==== Data to use
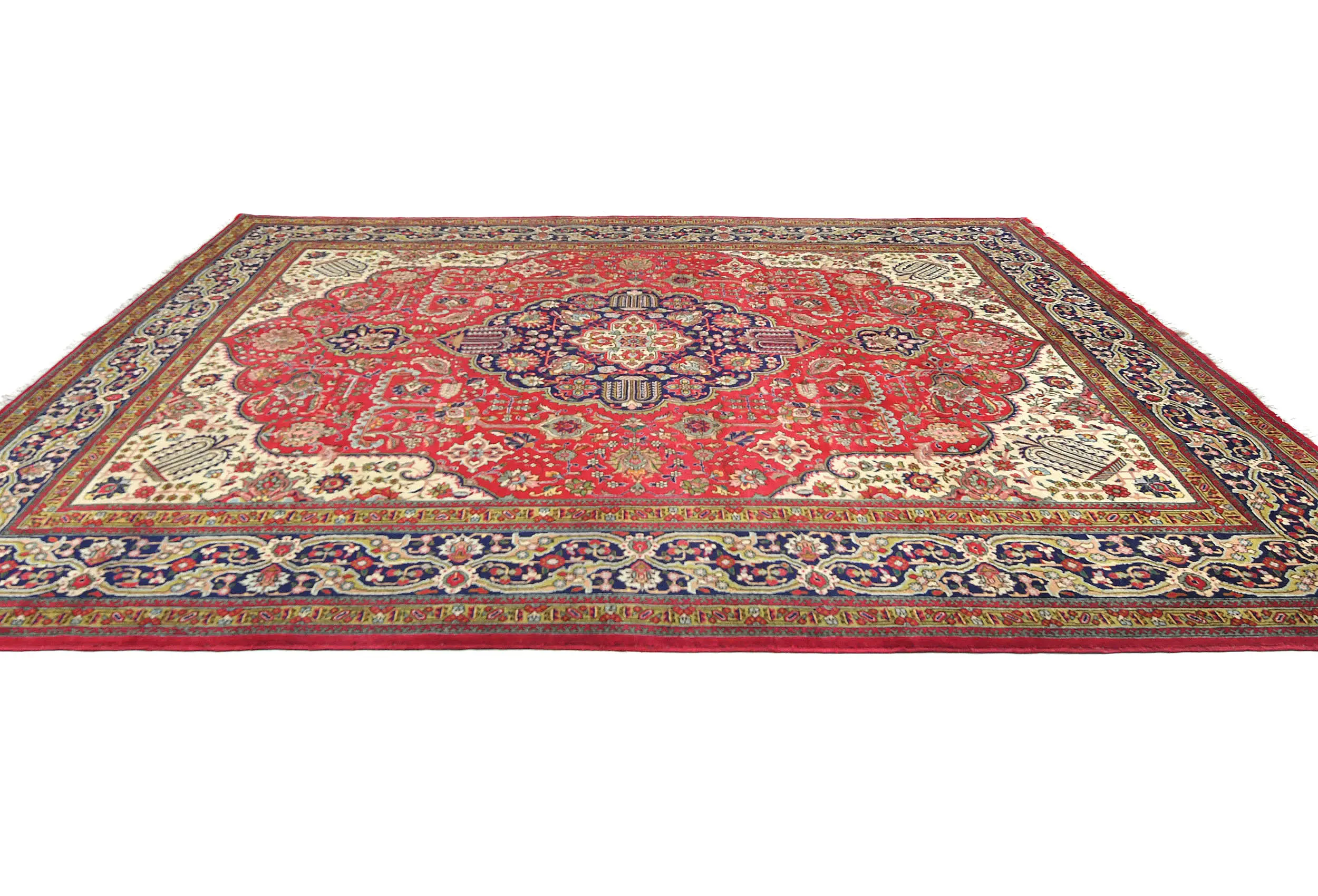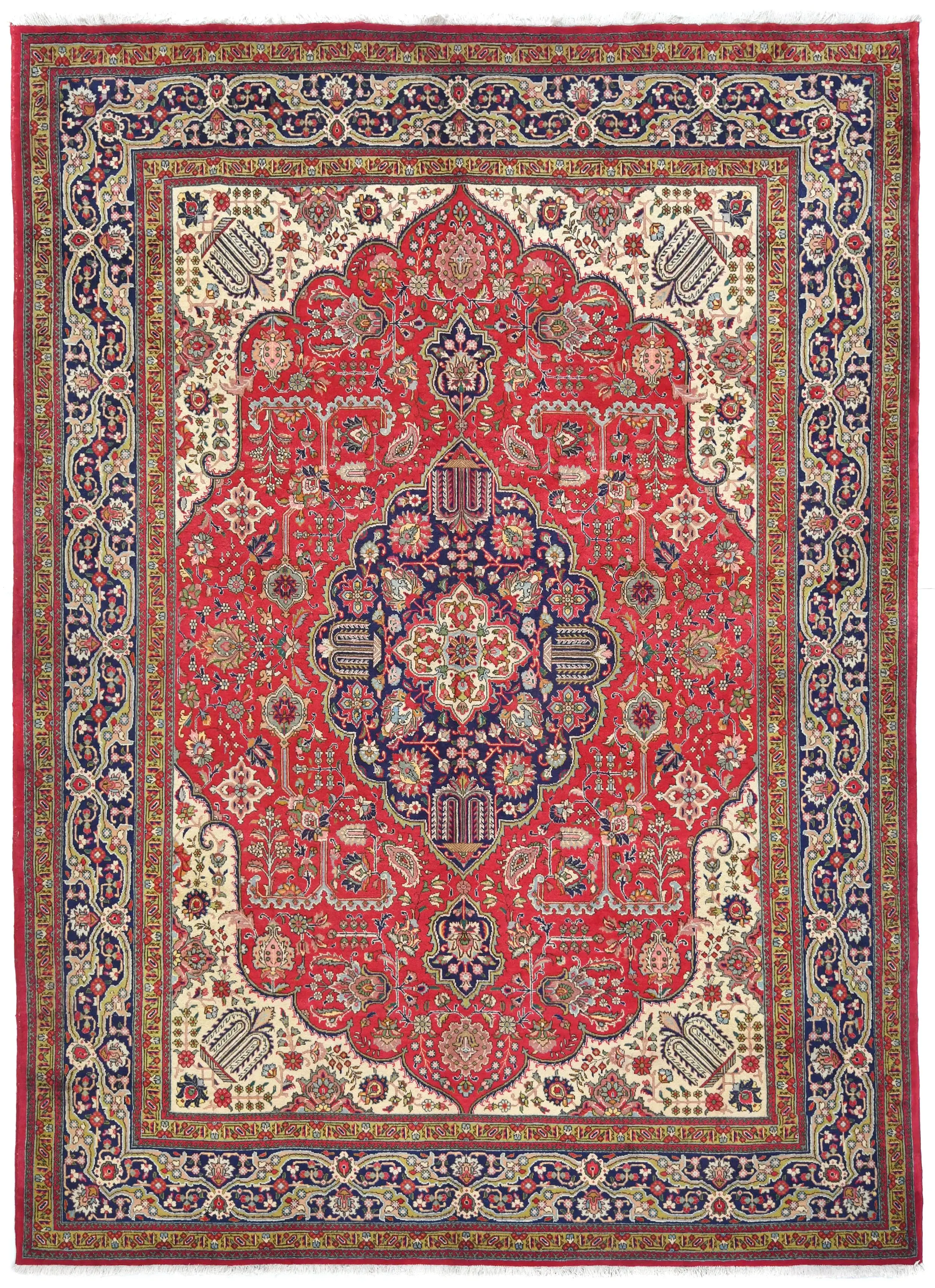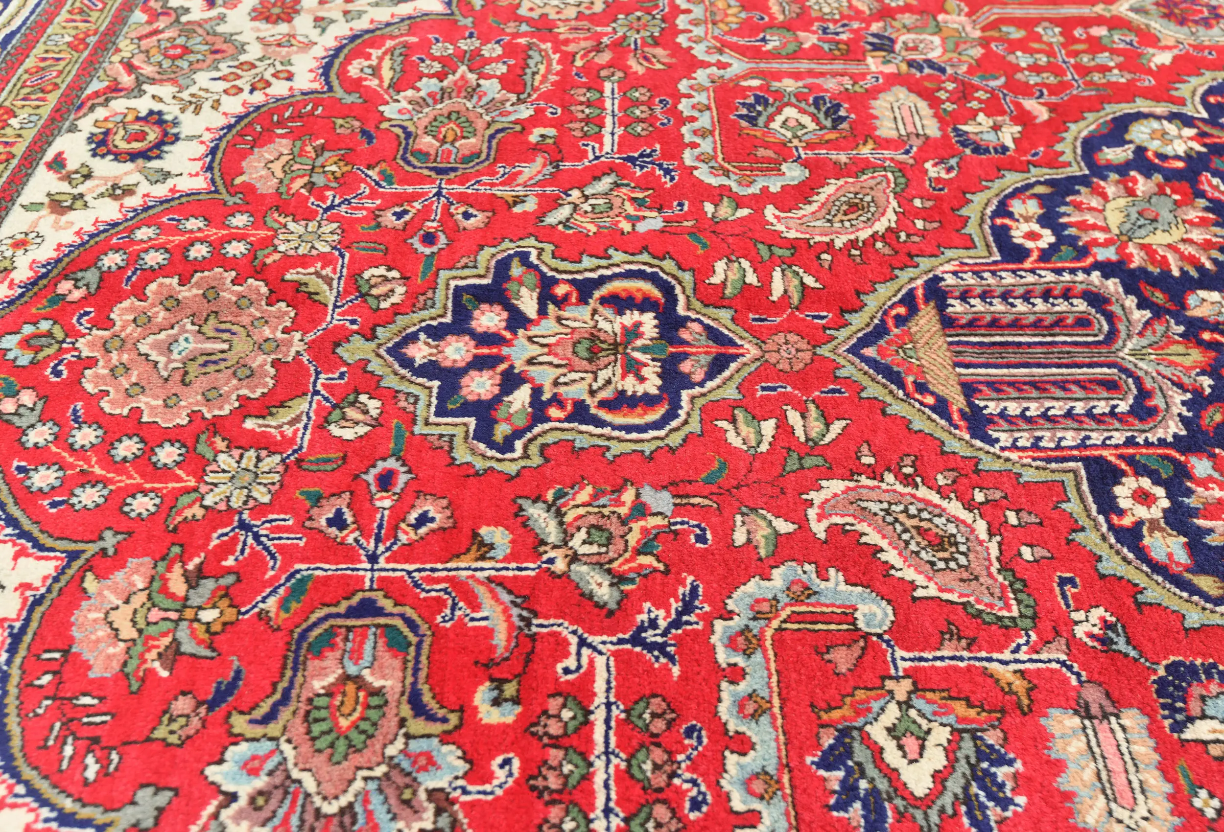 Vintage Red Floral Traditional 10X13 Tabriz Persian Rug
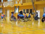 1月28日(火)3校時か4校時にかけて,体育館で栃木レイカーズの方々と一緒に車いすバスケを体験しました。給食も一緒に食べ,楽しく過ごすことができました。
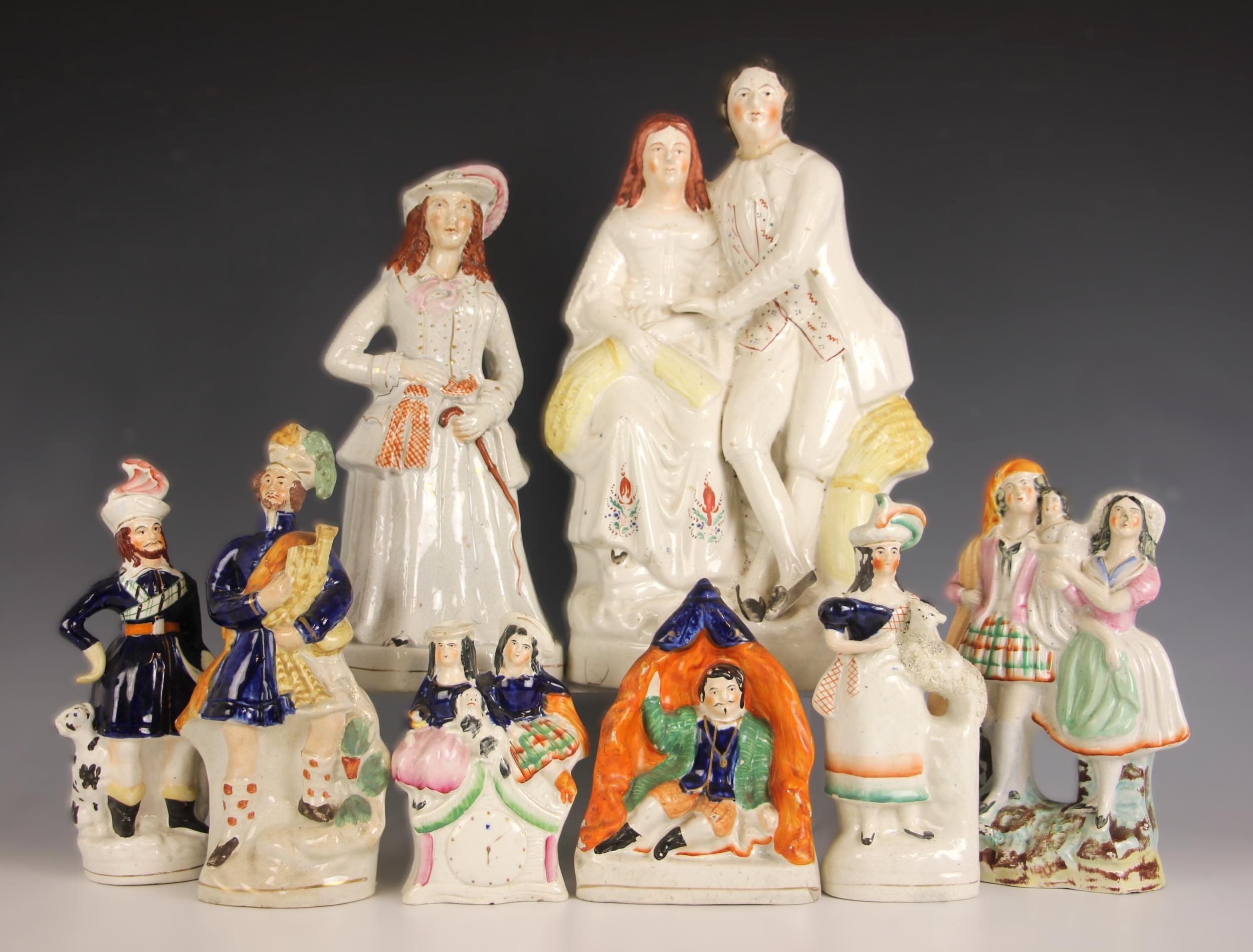 A Victorian Staffordshire pottery D1279 'Unknown Actress' or 'Miss Whiplash' figure, mid to late 19th century, 30cm high; with a Staffordshire figural group of large proportions modelled as a man and woman with wheat sheaves, 36cm high; and six Staffordshire flatback figures, to include David Garrick As Richard III, 16cm high, a Scotsman with bagpipes, 24cm high, and a huntsman with dog, 22.5cm high (8) (at fault)
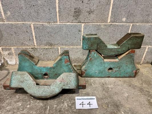 Lot 44: Matching Pair of Heavy Duty Cast Iron Vee Blocks with Clamps 25'' x 6.5'' x 11'' High
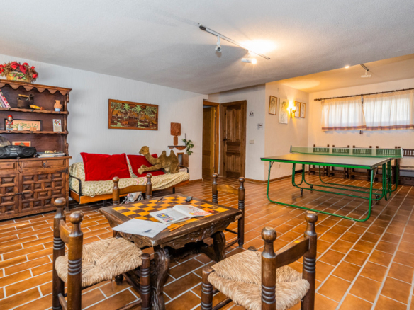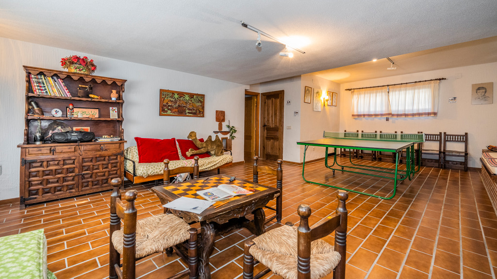– **Basement:** You will find a garage with capacity for three vehicles, a storage room, a toilet, a boiler room, sauna with shower, pantry, a wine cellar and a games room with fireplace, perfect for family entertainment.
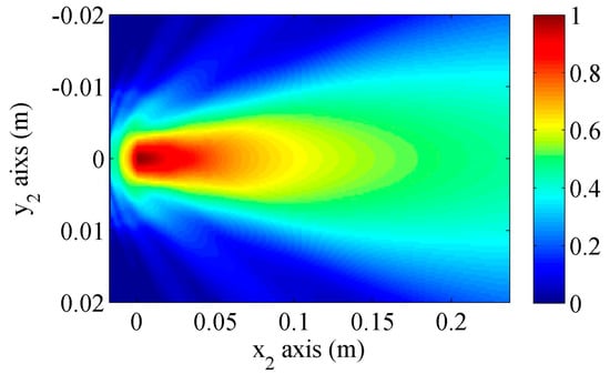 The normalized magnitudes of the received results in the lateral direction at propagation distances of x2 = 0.05, 0.1 and 0.15 m are indicated in Figure 8c. The results show that the maximum value exists at the central axis, and these magnitudes decrease quickly when the transducer moves away from the central axis. Compared with the lateral results shown in Figure 7b, it is found that the received magnitudes using the angle wedge transducer have very smooth behaviors, and the effects of side lobes are insignificant.
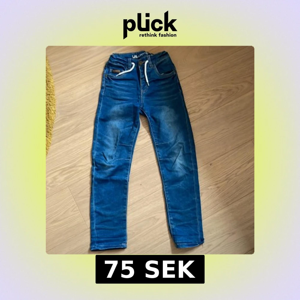 Snygga blå jeansbyxor från LAB Industries med en avslappnad passform. Byxorna har en elastisk midja med snörning och klassiska femficksdetaljer. Perfekta för en casual look. Storlek 134/9-10Y. Priset är inte hugget i sten.
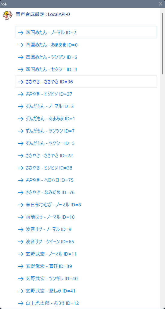 | Summary | 0000704: 設定 > 音声認識/合成 > VOICEVOX > 設定 > ボイスID:参照 で表示される選択肢の一部がおかしい | ||||
========
§ **Your task**:
Reproduce the listing above from the line that contains "for family entertainment." through its final line, exactly and with nothing added. Omit the images.

§ **Exercise answer**:
– **Basement:** You will find a garage with capacity for three vehicles, a storage room, a toilet, a boiler room, sauna with shower, pantry, a wine cellar and a games room with fireplace, perfect for family entertainment.
 The normalized magnitudes of the received results in the lateral direction at propagation distances of x2 = 0.05, 0.1 and 0.15 m are indicated in Figure 8c. The results show that the maximum value exists at the central axis, and these magnitudes decrease quickly when the transducer moves away from the central axis. Compared with the lateral results shown in Figure 7b, it is found that the received magnitudes using the angle wedge transducer have very smooth behaviors, and the effects of side lobes are insignificant.
 Snygga blå jeansbyxor från LAB Industries med en avslappnad passform. Byxorna har en elastisk midja med snörning och klassiska femficksdetaljer. Perfekta för en casual look. Storlek 134/9-10Y. Priset är inte hugget i sten.
 | Summary | 0000704: 設定 > 音声認識/合成 > VOICEVOX > 設定 > ボイスID:参照 で表示される選択肢の一部がおかしい | ||||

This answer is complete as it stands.